#### [MATERIAL SHOWN]
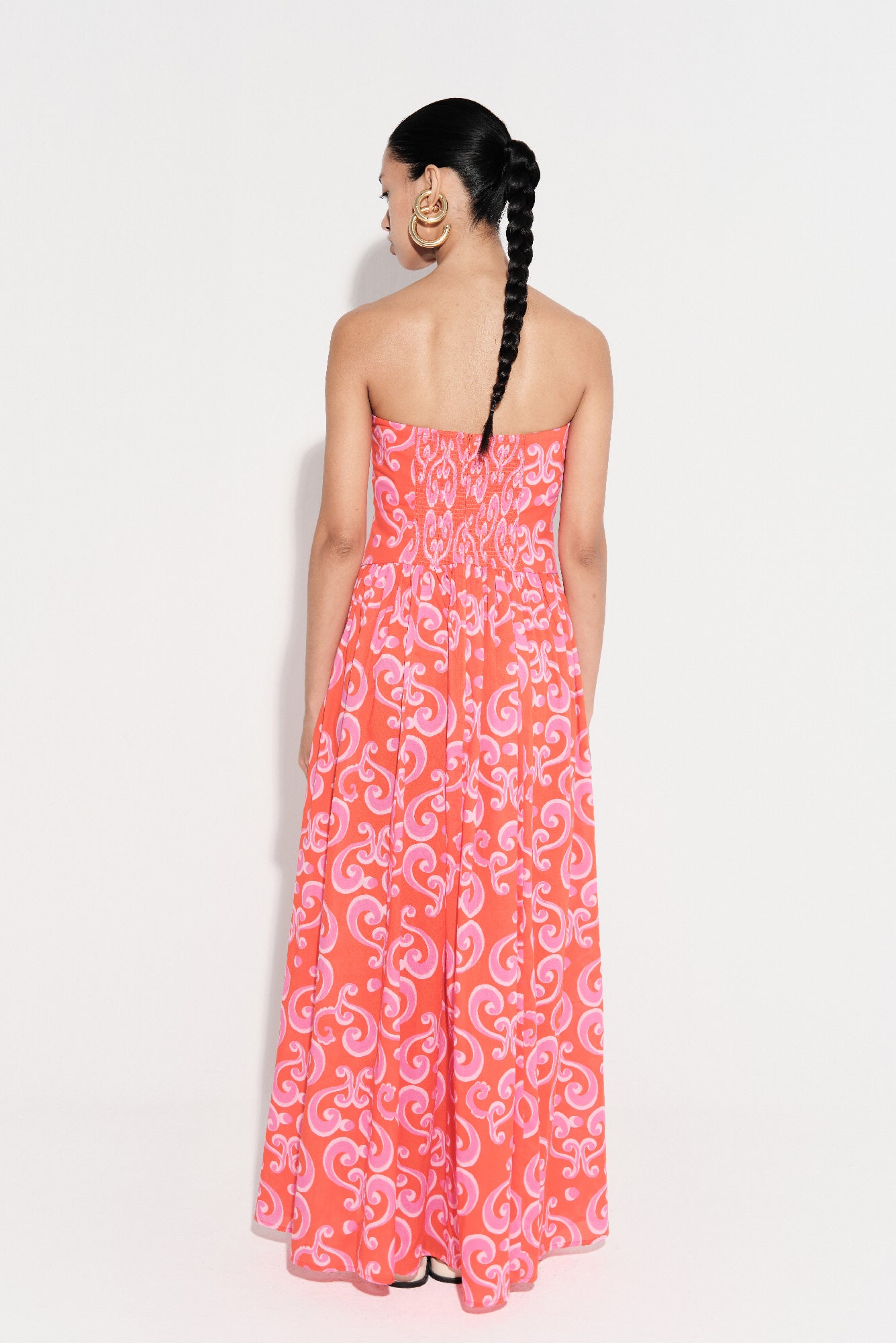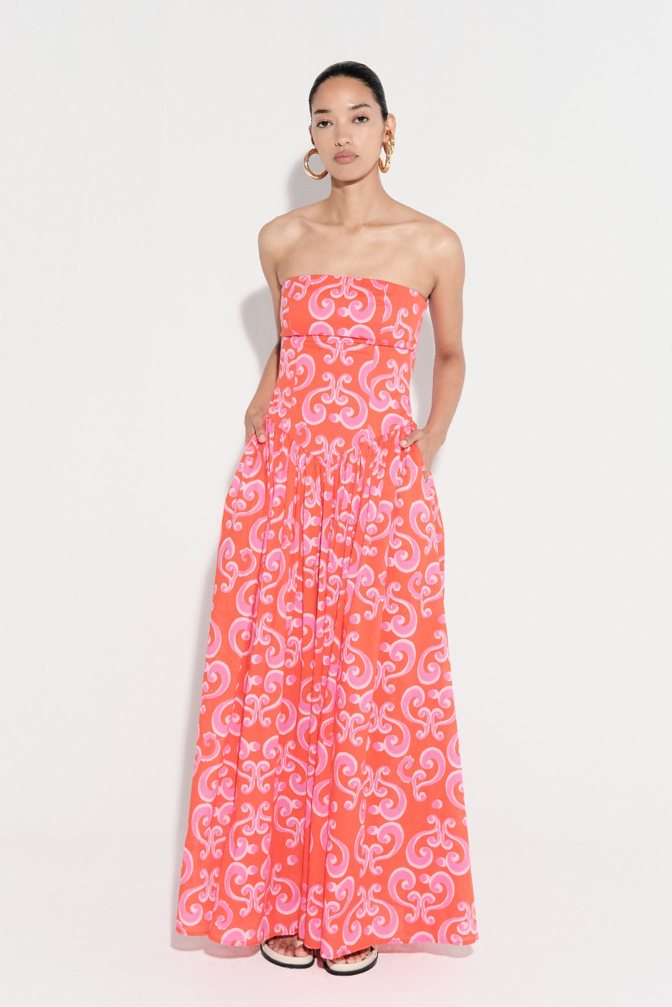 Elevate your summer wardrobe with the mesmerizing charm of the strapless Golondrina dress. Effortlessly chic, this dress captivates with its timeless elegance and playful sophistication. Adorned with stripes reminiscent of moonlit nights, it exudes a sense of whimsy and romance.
---
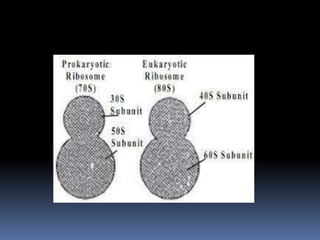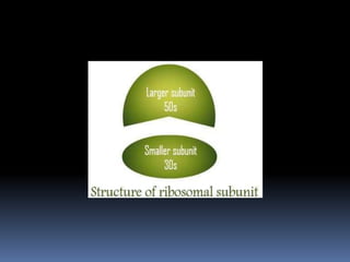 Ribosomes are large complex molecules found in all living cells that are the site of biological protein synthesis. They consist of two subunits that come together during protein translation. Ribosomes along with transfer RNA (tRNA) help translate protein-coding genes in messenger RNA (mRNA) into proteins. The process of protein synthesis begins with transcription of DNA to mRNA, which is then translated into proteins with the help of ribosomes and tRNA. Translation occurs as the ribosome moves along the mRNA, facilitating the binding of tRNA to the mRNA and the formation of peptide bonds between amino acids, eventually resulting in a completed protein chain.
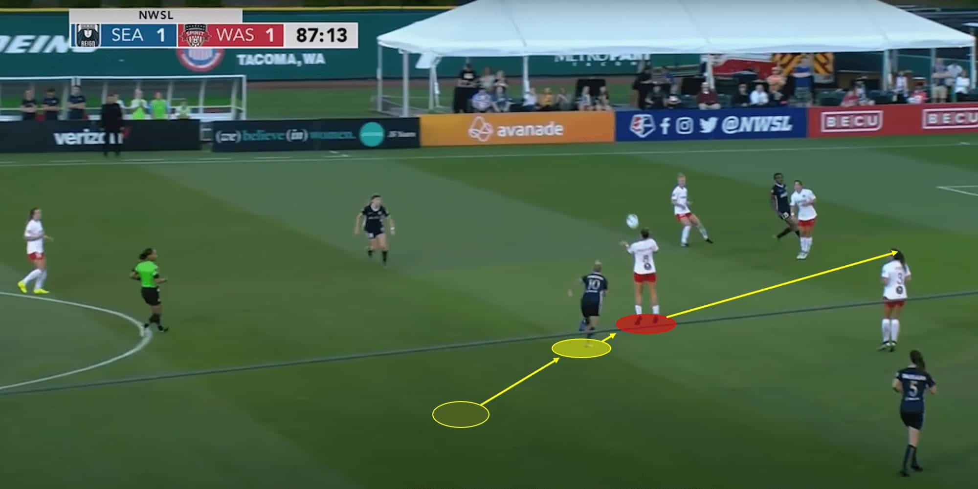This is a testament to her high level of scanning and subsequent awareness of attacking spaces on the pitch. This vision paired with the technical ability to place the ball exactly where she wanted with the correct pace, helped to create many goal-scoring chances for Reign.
==
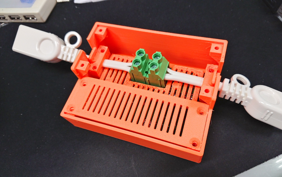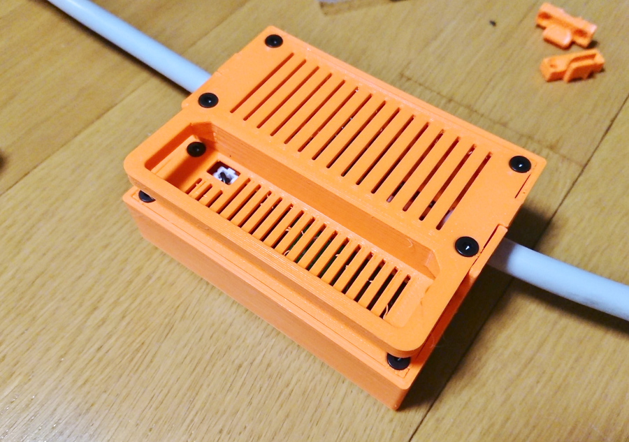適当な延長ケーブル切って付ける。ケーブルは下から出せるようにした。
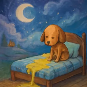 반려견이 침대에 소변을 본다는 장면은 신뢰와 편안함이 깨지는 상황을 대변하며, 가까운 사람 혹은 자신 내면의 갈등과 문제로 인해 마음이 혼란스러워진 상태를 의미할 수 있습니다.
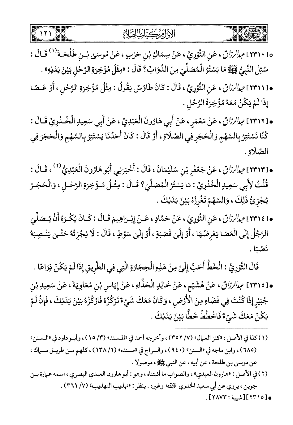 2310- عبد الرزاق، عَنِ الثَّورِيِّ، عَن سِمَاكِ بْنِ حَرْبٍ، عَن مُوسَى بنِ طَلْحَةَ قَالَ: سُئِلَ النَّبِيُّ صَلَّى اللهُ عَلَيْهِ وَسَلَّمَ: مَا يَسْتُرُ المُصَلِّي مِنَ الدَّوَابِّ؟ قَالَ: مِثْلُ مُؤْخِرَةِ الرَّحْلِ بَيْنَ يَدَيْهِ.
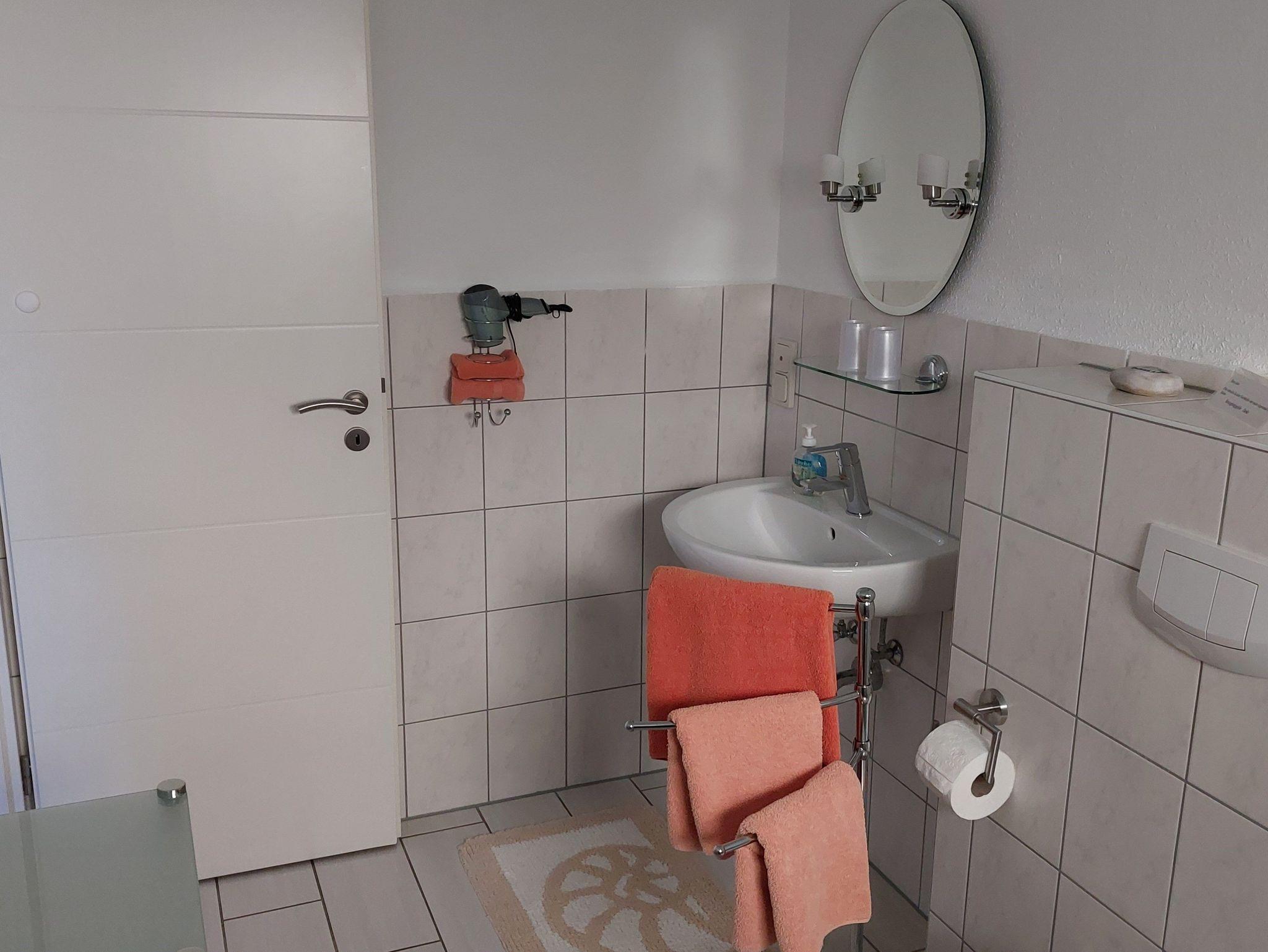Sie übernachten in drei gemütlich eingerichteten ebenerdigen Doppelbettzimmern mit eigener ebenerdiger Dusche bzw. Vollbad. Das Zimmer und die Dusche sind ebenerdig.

#### [WHAT NEEDS TO BE DONE]
Everything from the line with "適当な延長ケーブル切って付ける。ケーブルは下から出せるようにした。" through the line with "Sie übernachten in" in the material above should be transcribed exactly, except the pictures.

#### [ANSWER AREA]
適当な延長ケーブル切って付ける。ケーブルは下から出せるようにした。
 반려견이 침대에 소변을 본다는 장면은 신뢰와 편안함이 깨지는 상황을 대변하며, 가까운 사람 혹은 자신 내면의 갈등과 문제로 인해 마음이 혼란스러워진 상태를 의미할 수 있습니다.
 2310- عبد الرزاق، عَنِ الثَّورِيِّ، عَن سِمَاكِ بْنِ حَرْبٍ، عَن مُوسَى بنِ طَلْحَةَ قَالَ: سُئِلَ النَّبِيُّ صَلَّى اللهُ عَلَيْهِ وَسَلَّمَ: مَا يَسْتُرُ المُصَلِّي مِنَ الدَّوَابِّ؟ قَالَ: مِثْلُ مُؤْخِرَةِ الرَّحْلِ بَيْنَ يَدَيْهِ.
Sie übernachten in drei gemütlich eingerichteten ebenerdigen Doppelbettzimmern mit eigener ebenerdiger Dusche bzw. Vollbad. Das Zimmer und die Dusche sind ebenerdig.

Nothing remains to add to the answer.